Я останавливаюсь, дожидаясь Кястутиса:
— Я забыл тебе сказать. Помнишь, ты говорил про американский бомбардировщик, грохнувшийся 21 января около Гренландии?
— Ну.
— Через несколько дней, как мы расстались после Ключевского, я слышал по радио, что гренландский лед вокруг залива Северная Звезда, зараженный радиоактивными веществами, оторвался и начал дрейфовать. Западные ветры гонят его в сторону Канады. В нашу сторону. Ты был прав.
— К сожалению, да.
— А состояние здоровья Блайберга в последнее время находилось в критическом состоянии, но улучшилось. Боялись, что ему грозит вторая пересадка сердца. Сообщили, что он снова находится в клинике Бернарда в связи с тем, что болен гепатитом и воспалением легких.
— Тот парень на сейсмостанции, наверное, переживает… Бернард никогда не предполагал, что операция вызовет такой интерес. А это понятно — сколько в мире больных сердцем. Но, к сожалению, операция вселяет не только надежды, но и опасения. Представь себе бандитскую корпорацию, типа мафии, которая занимается убийством людей и продажей здоровых органов — сердца, печени, почек — для богатых пациентов.
— Ну, этого не может быть…
— Почему не может? — усмехнулся Кястутис. — Читал же ты в свое время, как какой-то итальянский бедняк продал свой глаз богатому пациенту, чтобы прокормить свою большую семью?
— Читал.
— И если мафия продает и перепродает людей целиком, почему бы ей не заняться перепродажей людей по частям? Кстати, газета «Нью-Йорк таймс» как-то уже писала, что деньги могут заставить врачей регистрировать смерть нужного донора до того, как она наступила. Величайшее достижение может обернуться социальной трагедией, породить новый мир наживы, спекуляции. Не найдется ли в мире новый маньяк-расист, который использует практику трансплантации, чтобы попытаться увлечь людей преступной идеей: высшие расы выживают за счет низших.
…Темень. Ставим палатки. Наших наверху не слышно. Кричим, стреляем — бесполезно. Ужин без воды. Жжем большой костер.
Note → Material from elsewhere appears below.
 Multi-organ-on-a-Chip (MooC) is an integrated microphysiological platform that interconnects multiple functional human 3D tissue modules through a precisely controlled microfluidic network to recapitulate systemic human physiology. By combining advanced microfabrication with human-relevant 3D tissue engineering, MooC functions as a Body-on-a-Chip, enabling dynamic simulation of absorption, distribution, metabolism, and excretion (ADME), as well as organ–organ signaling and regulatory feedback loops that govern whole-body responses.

Литовский сыр с тмином. Несколько непривычный, но очень вкусный.
Долгий спор у костра по-литовски. Донатас, Кястутис и Стасис спорят с начальником. Едкий смешок. Остальные молчат. Ожесточенней всех нападает на начальника Стасис. Донатас то и дело приструнивает его. На добром лице Кястутиса ехидная усмешка. Я здесь человек чужой, поэтому делаю вид, что ничего не понимаю. А вообще, не очень все это приятно. Может, обо мне? Стараюсь меньше есть, хоть и очень хочется.
— Ты извини, — говорит Кястутис, когда мы забираемся в палатку, — что мы при тебе все по-литовски. Разговор не из приятных. Можно сказать, диспут о роли великой личности в истории и неблагодарном народе. Тебя это не касается, и ты не обращай внимания, а то скис совсем.
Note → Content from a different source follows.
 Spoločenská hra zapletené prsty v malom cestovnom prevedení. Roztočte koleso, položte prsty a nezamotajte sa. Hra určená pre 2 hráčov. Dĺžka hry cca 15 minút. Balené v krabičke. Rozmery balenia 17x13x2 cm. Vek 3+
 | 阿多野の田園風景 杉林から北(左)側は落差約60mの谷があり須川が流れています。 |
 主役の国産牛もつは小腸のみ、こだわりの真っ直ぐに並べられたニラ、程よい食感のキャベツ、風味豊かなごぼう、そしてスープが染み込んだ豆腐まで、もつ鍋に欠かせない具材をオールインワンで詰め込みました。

Утром чуть свет поднимаюсь из долины наверх — искать своих. С тревогой думаю, что мы начинаем выбиваться из графика. Сверху увидел, что всего в какой-то сотне метров от наших палаток в распадке лежит снег. Но с ведром к нему через стланик пробиться будет нелегко. Из-под моих ног вниз с шумом сорвался камень, где-то вдруг залаял медведь. Я стал всматриваться в долину: он недовольно переходил поляну невдалеке от наших палаток. Видимо, ночевал в соседстве.
На плато в тундре были снежники, и я вдоволь напился. Напрасно кричал, ветер был встречным, никто не откликался, наверно, они ушли далеко. Спустился обратно к литовцам. Посоветовавшись, решили не ждать, не терять времени, а пробираться к Оленьим озерам. Может, там встретимся.
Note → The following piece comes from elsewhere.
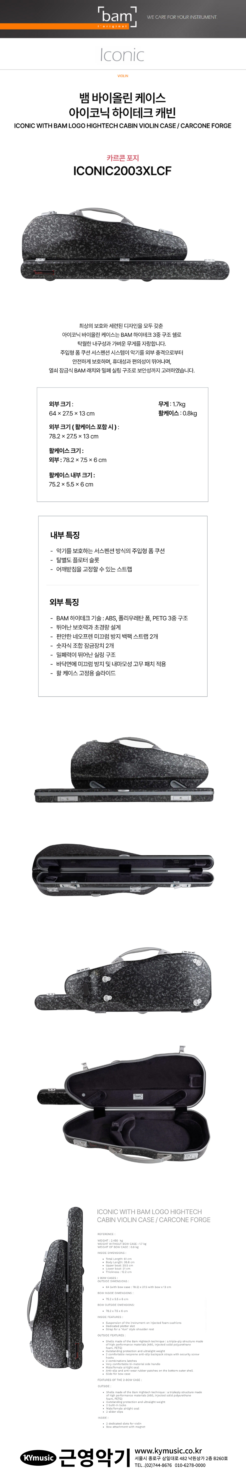 [Bam] 뱀 바이올린 케이스 아이코닉 하이테크 캐빈 카르콘 포지 ICONIC2003XLCF

Не успели пройти и километра, наверху услышали выстрелы. Наши. Они тоже ночевали без воды. Лизали листья, выжимали воду из намокших за ночь от росы штормовок. А вообще жажду хорошо утоляет щавель, но здесь он встречается редко.
— Почему не предупредил, что пойдешь верхом? — зло спрашиваю Роберта.
— Тебе же больше нравится с литовцами, — ехидно ответил он.
— Я тебя же спрашивал, где пойдем. Ты сказал: «Пойдем вместе, долиной». Вот я и пошел с ними.
— А я потом передумал. Смотрю, верхом лучше.
— Мог бы и им сказать, что верхом лучше.
— А какое мне дело до них.
— Ну мне-то ты мог сказать? Я вроде бы с тобой иду. Или ты уже меня исключил из своей группы?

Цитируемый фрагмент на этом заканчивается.